Apart from this, the industry has seen multiple successful long-format content. However, the number is still very low. Other than measurement, is there any other challenge also why brands refrain from this?

This particular space is still not very organised for brands to associate with it, said Makhijani. She added that there are way too many people involved and no clear understanding as to what exactly should be the investments in it, timelines of it. Especially due to Covid-19 this has been impacted a lot and this needs a formal approach. In terms of textual long format, there is not much quality left when compared to the reduced attention span of people.

Apart from the financial challenges, Johari said that this format is risky. It is like putting all the eggs in one basket. It needs to have a very specific agenda.
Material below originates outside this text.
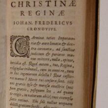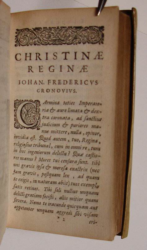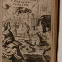 16mo. (VIII),424 p. Overlapping vellum 12 cm (Ref: This edition is ’the most significant stage in the evolution of the printed text of the Thebaid before the late nineteenth century.’ (Berlincourt, Classical quarterly, 2016, 66 (1), p. 376-383); Willems 1166; Bergman 2139; Rahir 1189; Copinger 4491; Schweiger 2,965; Dibdin 2,424; Fabricius/Ernesti 2,335; Moss 2,612; Ebert 21682: ‘mit grossem Scharfblick und nach guten Hülfsmitteln verbessert’) (Details: Engraved title: a battle scene from the Thebaid, the city of Thebes is in the background, the poet in front) (Condition: Vellum slightly soiled. Small owner’s inscription on the title) (Note: His fluent and highly polished verse brought the Roman poet Publius Papinius Statius, ca. A.D. 45-96, to the court of the Roman emperor Domitianus. He is best known for his epic, the ‘Thebaid’, which tells the story of the civil war between the sons of Oedipus, Eteocles and Polynices, contesting power over the city of Thebes. The ‘Achilleid’, tells the story of the education of Achilles. Statius’ ‘Silvae’ is a collection of 32 occasional poems addressed to his friends, celebrating their marriages etc. In his epic work there are frequent imitations of Vergil in word and thought. (OCD, 2nd e. p. 1011/12) § The Thebaid was extraordinary popular during the Middle Ages and the Renaissance. In Dante Statius even ascends to heaven. The ‘Thebaid’ was used by Boccaccio and Chaucer, and there appeared adaptations in Irish, French and Italian. Also Statius’ ‘Silvae’ enjoyed a vigorous afterlife, and set a standard for the Neolatin poets of the 16th and 17th century. Composing occasional poetry in imitation of Statius was a common pastime among humanist classicists, e.g. Heinsius, Scriverius, Meursius, and in England Milton and Ben Jonson. The works of Statius were ably edited by the Dutch classicist of German origin Johann Friedrich Gronov, or Gronovius, 1611-1671, He was the successor of Heinsius at the University of Leiden, and was influenced by Vossius, Grotius, Heinsius & Scriverius. His editions mark an epoch in the study of Livy, of Seneca, Tacitus & Gellius. His interest to the textual criticism of Latin poetry was due to the discovery of the Florentine MS of the tragedies of Seneca. In his riper years ’the acumen exhibited in his handling of prose is also exemplified in his treatment of the text of poets such as Phaedrus and Martial, Seneca and Statius’. (Sandys, History of Classical Scholarship, 2,321) As an editor and commentator Gronovius played a pivotal role in the history of the works of Statius. This small and light book of 1653 weighs only 120 grams, it is indeed ‘pondus non magnum’, but especially the notes are ‘satis ponderosae’, that is, really important. They fill merely 68 pages at the end of this volume, and of these pages the notes to the Thebaid fill only 41, and are concerned with little more than 200 passages. ‘Their scope is almost entirely limited to the emendation of the text of Statius’. For the Thebaid Gronovius consulted at least 11 manuscripts. ‘The place given to conjecture, though clearly subordinate, is by no means negligible. These notes often involve other aspects as well: Gronovius broad conception of emendation leads him to tackle various questions, whenever they lend support to his views. (…) In his eyes, the dignity of critical studies does not lie in emendation itself, but in the comprehensive knowledge of ancient languages and cultures in which emendation should always be grounded; such knowledge enables the scholar to get the author’s genius and thus restore the text from inside’. (V. Berlincourt, ‘In pondere non magno satis ponderosae…’ Gronovius and the printed tradition of the Thebaid’ in: ‘The poetry of Statius’, Leiden, Boston, Brill, 2008, p. 1-2. (Mnem. Suppl. 306). The Gronovius edition became during the 2 following centuries ’the undisputed foundation of almost every later edition until scholars at last began to base their work on a comprehensive study of the manuscript tradition, that is, until the second Teubner of Otto Müller in 1870′. (Berlincourt, p. 7.) Gronovius’ work exercised a great influence over later editors and commentators. ‘There is little to find fault with in Gronovius’ critical method, as illustrated by his notes, though it is of course still conceived of as being mere emendation of the textus receptus; usually his discussions are well informed, his arguments sound, and his judgement balanced’. (Berlincourt, p. 10)) (Provenance: On the lower margin of the title we read the name of one ‘I.N. Arntzenius’, ‘J.N. Arnstzenius’ or F.N. Arntzenius’) (Collation: *4, A-2C8, 2D4) (Photographs on request)

For brands to deliver great output on mediums like TV, where huge investments are involved, Sud suggested that brands don’t need to integrate too much in the content. There has to be a fine balance.

Towards the end of the conversations when the panellists were asked what is holding back the brands to invest more in content-led properties on news websites or publishers, they shared that it is the environment in the news space that has become toxic, unlike the entertainment space.

Johari shared that everybody needs credibility and if news portals can bridge that gap, there can be a resurgence of ad rates on branded content in this space as well. Also, there is a lot of news fragmenting going on and dynamics are changing. Content that is more education-led is suited here. Not many product categories are there that need education. Also, it is the environment of news these days that a lot of brands are shying away from these websites.

Perfetti’s Sud said that the brands will ultimately go where the audience is. Also, it can be the function of content. On news platforms, you cannot control the content. Especially in the last one year brands are trying to stay away.

Echoing the same thought, Makhijani too added that there is at times negative news, some pieces of opinion, it becomes tricky and brands don't want to upset potential consumers.